Oceanside is a hamlet and census-designated place (CDP) located in the southern part of the Town of Hempstead, in Nassau County, New York, United States. The population was 32,637 at the time of the 2020 census.

==History==
Originally known as South Bay, the English government established a township there in 1674 called Christian Hook, basing the name on the predominant religious affiliation of colonists in the area. Land development proceeded rapidly, and oyster sales took their place as a dominant force, with the local business "Mott's Landing" becoming a favorite place to buy oysters.

===19th century===
In the 19th century, the town residents decided that "Oceanville" sounded better than "Christian Hook": it was "Oceanville Oysters" that sold, and in 1864, the new name became official. However, there was already an Oceanville in New York, so "OceanSide", as one word, was adopted as the town's name in 1890 (this despite it not actually fronting the Atlantic Ocean, which is located a few miles to the south. It is separated from the ocean by Reynolds Channel and other marsh islands, as well as the Long Beach Barrier Island).
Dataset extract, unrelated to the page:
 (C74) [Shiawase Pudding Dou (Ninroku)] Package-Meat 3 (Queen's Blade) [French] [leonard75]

The Oceanside Fire Department was established in 1909. Columbia Engine Co. #1, an old firehouse, still exists today, and is located at the southwest corner of the triangle where Lincoln Avenue meets Long Beach Road.

===20th century===
In the 1900s, the town began rapidly expanding south, building over swamps and marshes and dramatically increasing the size of the town from a small port to a large hamlet. In 1918, the name was condensed to "Oceanside".
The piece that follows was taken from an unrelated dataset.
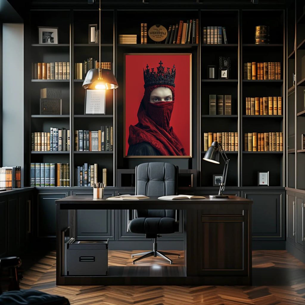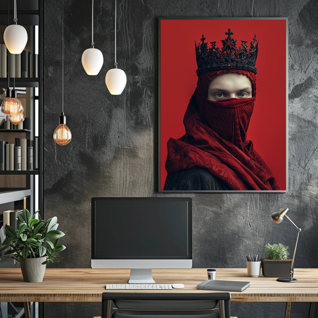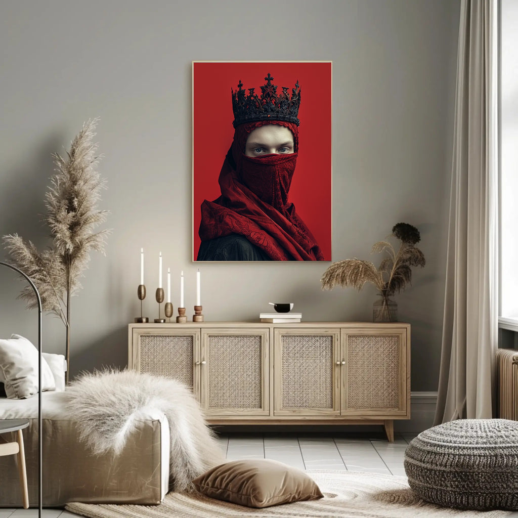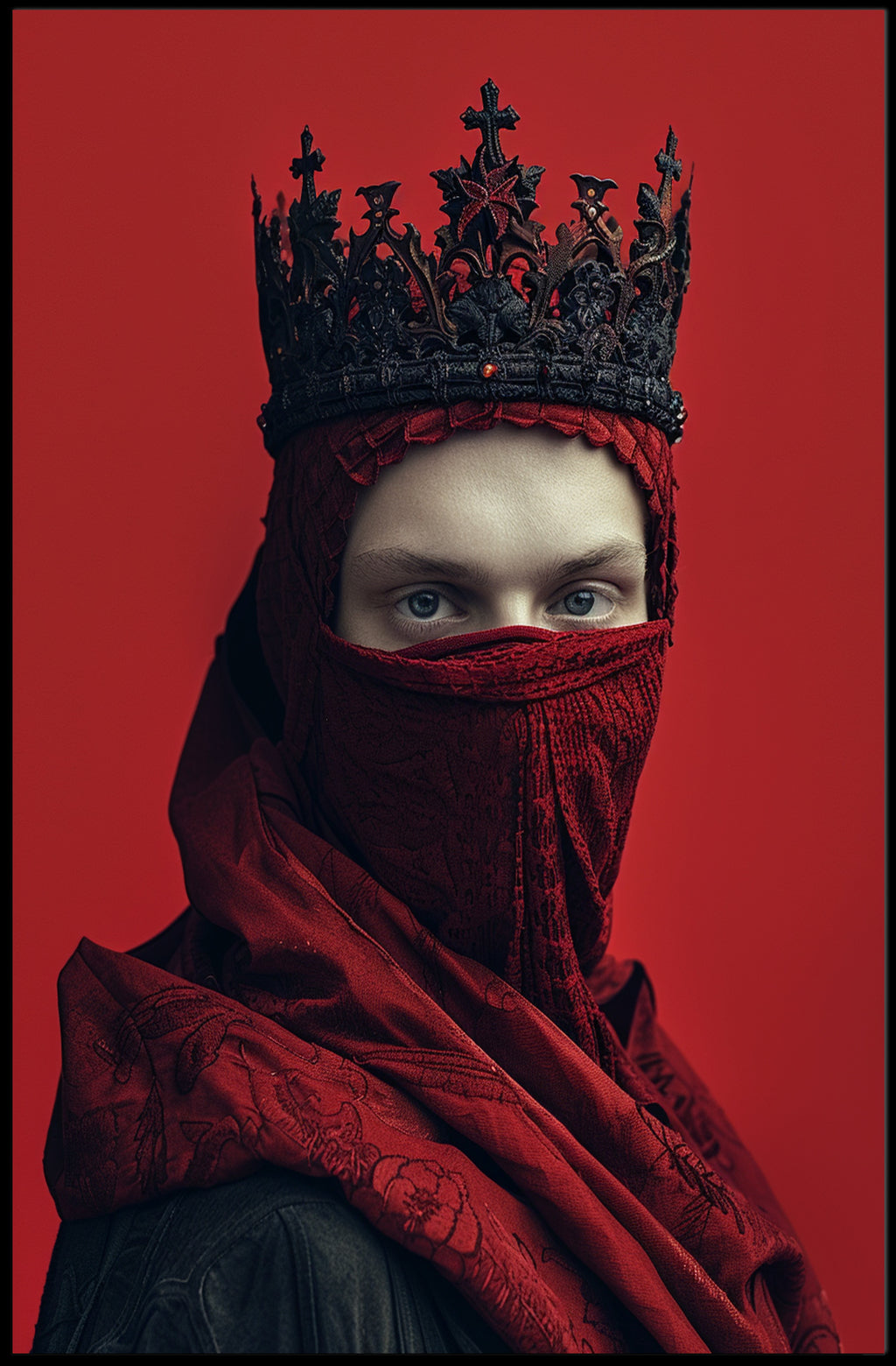 Regal Enigma Art Print Poster from PosterGoat — a striking fusion of regal mystery and minimalist elegance that transforms any wall into a conversation piece. This dramatic portrait features a crowned figure wrapped in richly textured red fabric against a matte crimson backdrop, where only the piercing eyes reveal the soul beneath the veil. Perfect for travelers, art lovers, and anyone drawn to scenic, enigmatic imagery.

Nathan's Famous opened its second restaurant ever on June 4, 1959, on Long Beach Road in Oceanside, taking over the site of the once-popular Roadside Rest, which had opened several decades before and had offered live entertainment and dancing on a large dance floor as well as Nathan's-type frankfurters and locally caught seafood. There was a large Nathan's building with play areas and a big open dining room that had a stage. Shows were family events. The building was demolished in 1976, and a strip mall was built in its place. A modern Nathan's franchise subsequently opened on a small section of the original property, at the corner of Long Beach Road and Windsor Parkway. In 2016, Nathan's moved to a smaller location on Long Beach Road.
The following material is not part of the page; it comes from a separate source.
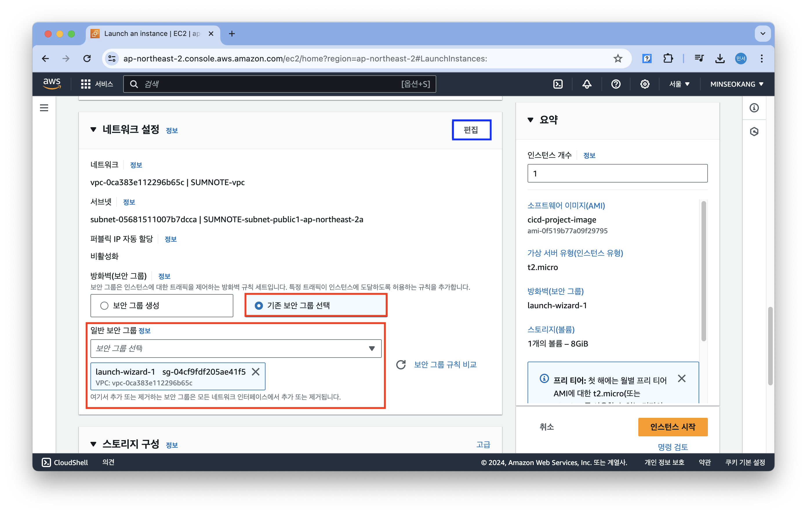 네트워크 설정 부분에서는, 기존 보안 그룹 선택을 클릭하고 cicd-project-jenkins EC2 인스턴스와 연결된 것과 동일한 보안 그룹을 선택한다. 그리고 파란색으로 표시한 편집 버튼을 클릭한다.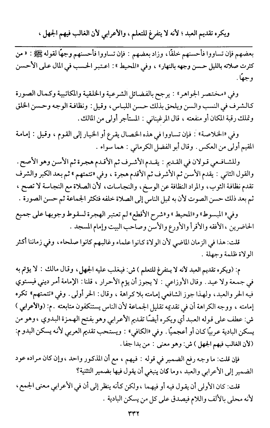 م: (ويكره تقديم العبد؛ لأنه لا يتفرغ للتعلم) ش: فيغلب عليه الجهل، وقال مالك: لا يؤتم به في جمعة ولا عيد. وقال الأوزاعي: لا يجوز أن يؤم الأحرار، قلنا: الإمامة أمر ديني فيستوي فيه الحر والعبد، ولهذا جوز الشافعي إمامته بلا كراهة، وقال: الحر أولى.

Oceanside was a part of the post-World War II housing boom, with even more land being built over with houses and as a result, the town began to resemble Levittown. More schools and massive houses were built, and a public park was constructed on the swampland. Because of this, Oceanside became more vulnerable to floods and natural disasters.

===21st century===
In 2012, Oceanside saw its worst natural disaster when Hurricane Sandy hit the area. The storm completely flooded the southern portion of the town with areas as far north as Nathan's reporting waves of water rushing down streets. Sandy also knocked out power for nearly two weeks after a substation in the nearby town of Island Park exploded. Oceanside was one of the many towns upset with the slow response from the Long Island Power Authority and held a rally because of it. As of 2019, Oceanside still has many who are dealing with the consequences of Sandy, and some have begun leaving, with the value of houses remaining high. Flooding in low-lying areas would be much more common.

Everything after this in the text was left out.